§ Exercise: The records below are to be reproduced exactly, and no picture should appear in the copy.

§ Supplied records:
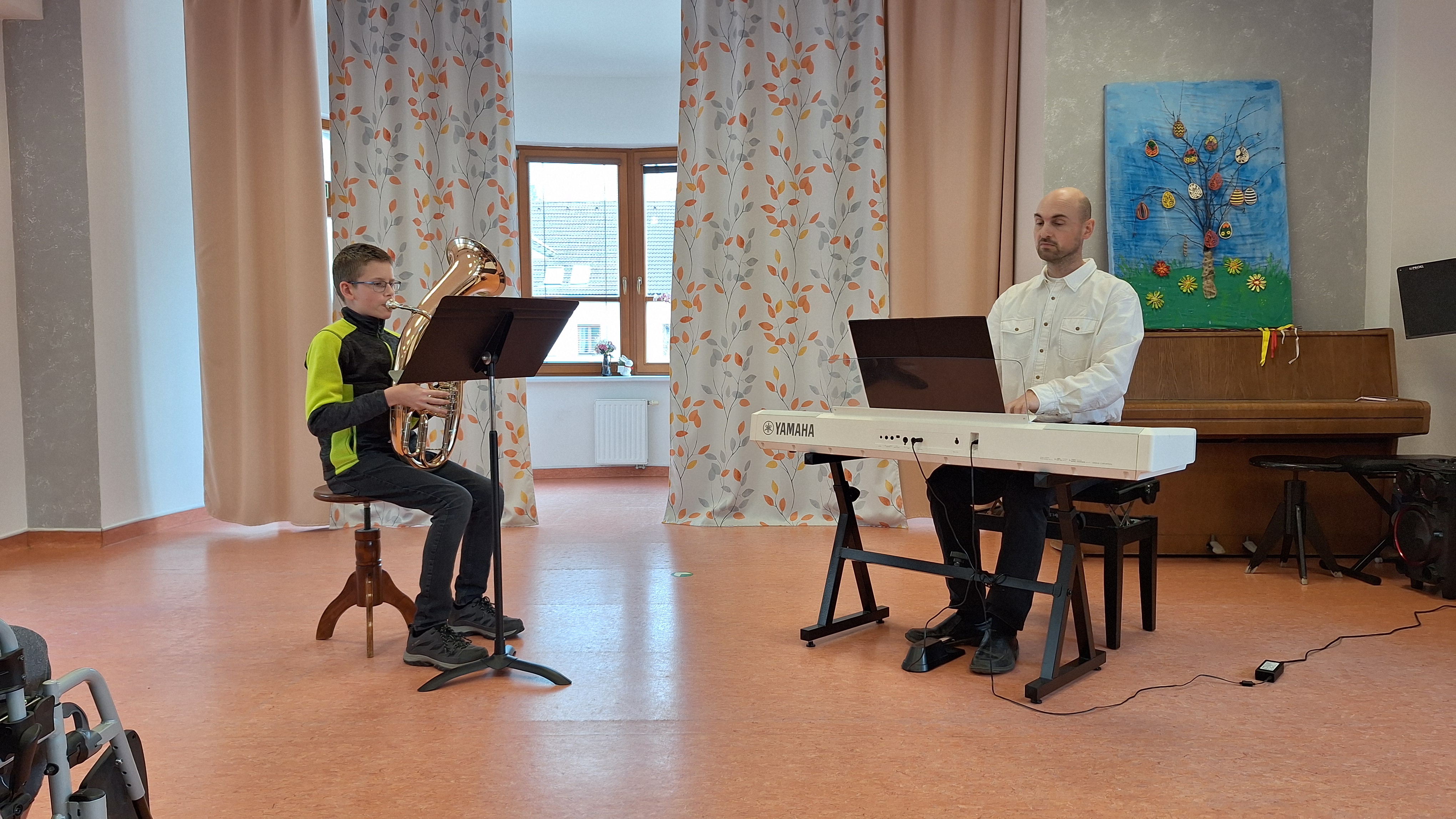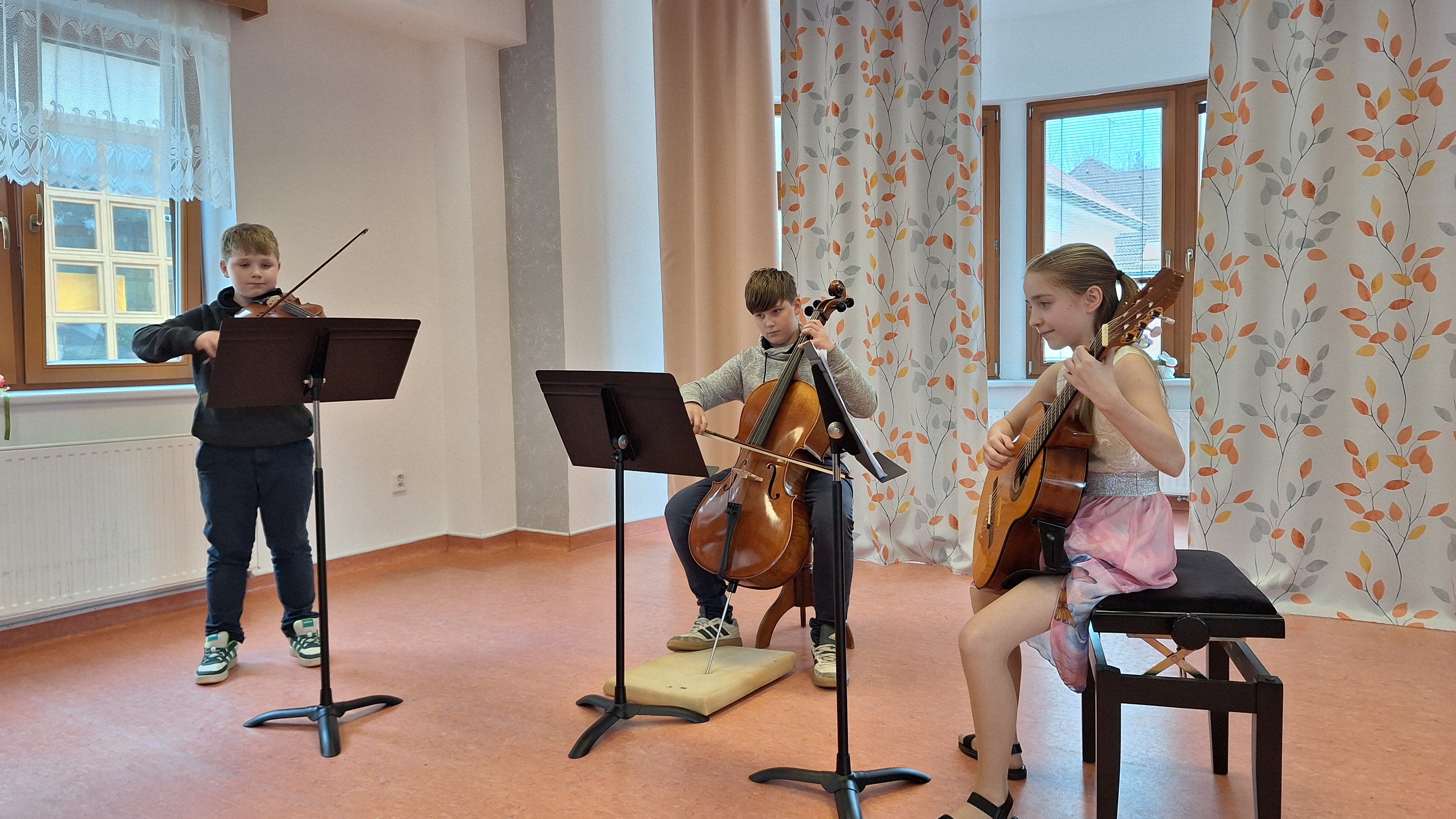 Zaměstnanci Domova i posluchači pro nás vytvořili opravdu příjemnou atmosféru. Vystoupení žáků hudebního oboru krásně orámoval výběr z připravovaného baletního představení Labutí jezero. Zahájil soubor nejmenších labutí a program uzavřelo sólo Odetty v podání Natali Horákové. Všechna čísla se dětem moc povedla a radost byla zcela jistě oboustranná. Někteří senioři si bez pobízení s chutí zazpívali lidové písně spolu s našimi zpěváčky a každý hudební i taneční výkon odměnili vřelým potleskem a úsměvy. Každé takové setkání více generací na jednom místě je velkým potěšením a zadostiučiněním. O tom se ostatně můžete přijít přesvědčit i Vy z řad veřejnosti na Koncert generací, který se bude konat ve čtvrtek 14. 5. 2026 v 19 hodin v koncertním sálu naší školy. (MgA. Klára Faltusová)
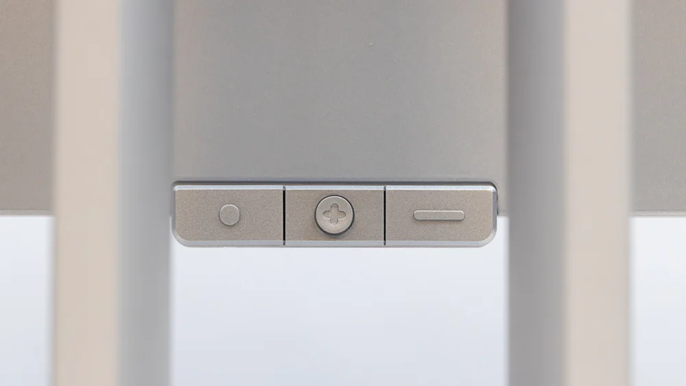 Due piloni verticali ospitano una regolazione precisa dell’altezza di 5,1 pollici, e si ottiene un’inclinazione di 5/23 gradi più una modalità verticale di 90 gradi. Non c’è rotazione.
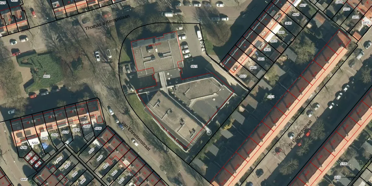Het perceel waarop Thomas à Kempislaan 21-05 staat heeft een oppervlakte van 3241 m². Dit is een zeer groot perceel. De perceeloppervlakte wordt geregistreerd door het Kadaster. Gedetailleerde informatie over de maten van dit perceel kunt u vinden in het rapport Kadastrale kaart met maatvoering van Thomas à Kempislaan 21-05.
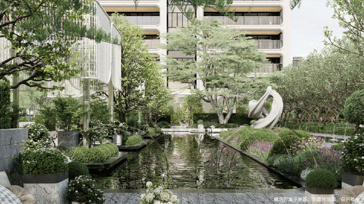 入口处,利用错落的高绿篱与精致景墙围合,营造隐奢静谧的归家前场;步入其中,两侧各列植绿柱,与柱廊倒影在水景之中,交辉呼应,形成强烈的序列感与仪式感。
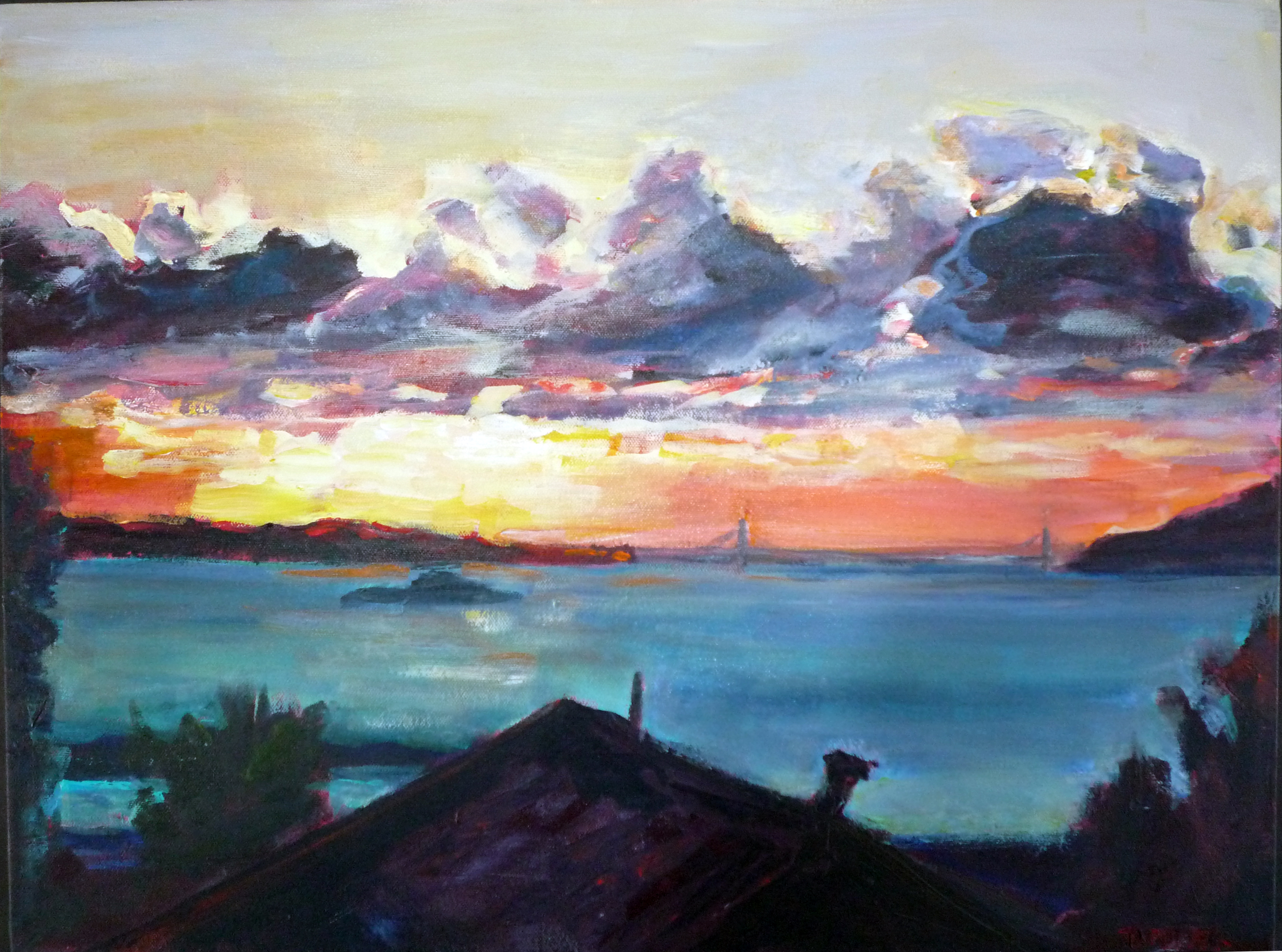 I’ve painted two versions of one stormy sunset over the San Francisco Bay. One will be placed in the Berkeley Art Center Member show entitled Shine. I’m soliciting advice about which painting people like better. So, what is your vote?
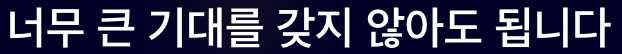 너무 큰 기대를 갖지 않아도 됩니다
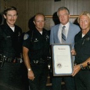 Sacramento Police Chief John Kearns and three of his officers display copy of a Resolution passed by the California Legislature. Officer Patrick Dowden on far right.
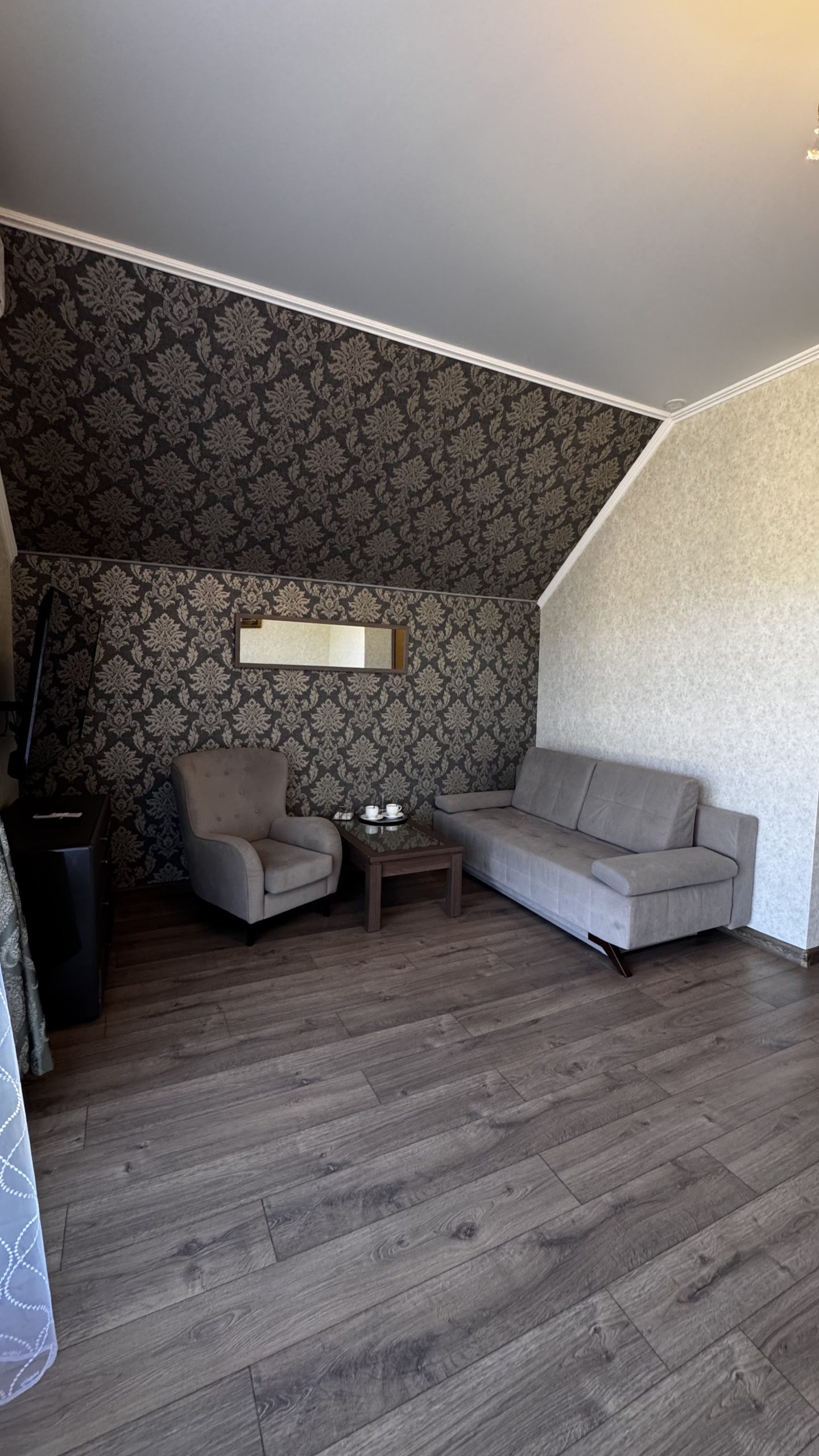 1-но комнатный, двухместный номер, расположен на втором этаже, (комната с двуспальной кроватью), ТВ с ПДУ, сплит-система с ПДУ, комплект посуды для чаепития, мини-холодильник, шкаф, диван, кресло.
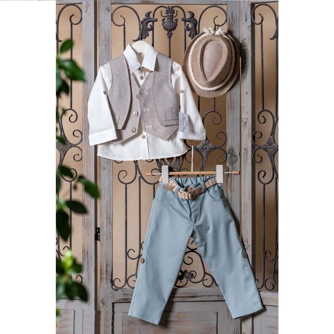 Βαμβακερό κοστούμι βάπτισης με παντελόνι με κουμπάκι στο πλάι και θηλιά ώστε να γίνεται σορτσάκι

§ Answer section:
 Zaměstnanci Domova i posluchači pro nás vytvořili opravdu příjemnou atmosféru. Vystoupení žáků hudebního oboru krásně orámoval výběr z připravovaného baletního představení Labutí jezero. Zahájil soubor nejmenších labutí a program uzavřelo sólo Odetty v podání Natali Horákové. Všechna čísla se dětem moc povedla a radost byla zcela jistě oboustranná. Někteří senioři si bez pobízení s chutí zazpívali lidové písně spolu s našimi zpěváčky a každý hudební i taneční výkon odměnili vřelým potleskem a úsměvy. Každé takové setkání více generací na jednom místě je velkým potěšením a zadostiučiněním. O tom se ostatně můžete přijít přesvědčit i Vy z řad veřejnosti na Koncert generací, který se bude konat ve čtvrtek 14. 5. 2026 v 19 hodin v koncertním sálu naší školy. (MgA. Klára Faltusová)
 Due piloni verticali ospitano una regolazione precisa dell’altezza di 5,1 pollici, e si ottiene un’inclinazione di 5/23 gradi più una modalità verticale di 90 gradi. Non c’è rotazione.
Het perceel waarop Thomas à Kempislaan 21-05 staat heeft een oppervlakte van 3241 m². Dit is een zeer groot perceel. De perceeloppervlakte wordt geregistreerd door het Kadaster. Gedetailleerde informatie over de maten van dit perceel kunt u vinden in het rapport Kadastrale kaart met maatvoering van Thomas à Kempislaan 21-05.
 入口处,利用错落的高绿篱与精致景墙围合,营造隐奢静谧的归家前场;步入其中,两侧各列植绿柱,与柱廊倒影在水景之中,交辉呼应,形成强烈的序列感与仪式感。
 I’ve painted two versions of one stormy sunset over the San Francisco Bay. One will be placed in the Berkeley Art Center Member show entitled Shine. I’m soliciting advice about which painting people like better. So, what is your vote?
 너무 큰 기대를 갖지 않아도 됩니다
 Sacramento Police Chief John Kearns and three of his officers display copy of a Resolution passed by the California Legislature. Officer Patrick Dowden on far right.
 1-но комнатный, двухместный номер, расположен на втором этаже, (комната с двуспальной кроватью), ТВ с ПДУ, сплит-система с ПДУ, комплект посуды для чаепития, мини-холодильник, шкаф, диван, кресло.
 Βαμβακερό κοστούμι βάπτισης με παντελόνι με κουμπάκι στο πλάι και θηλιά ώστε να γίνεται σορτσάκι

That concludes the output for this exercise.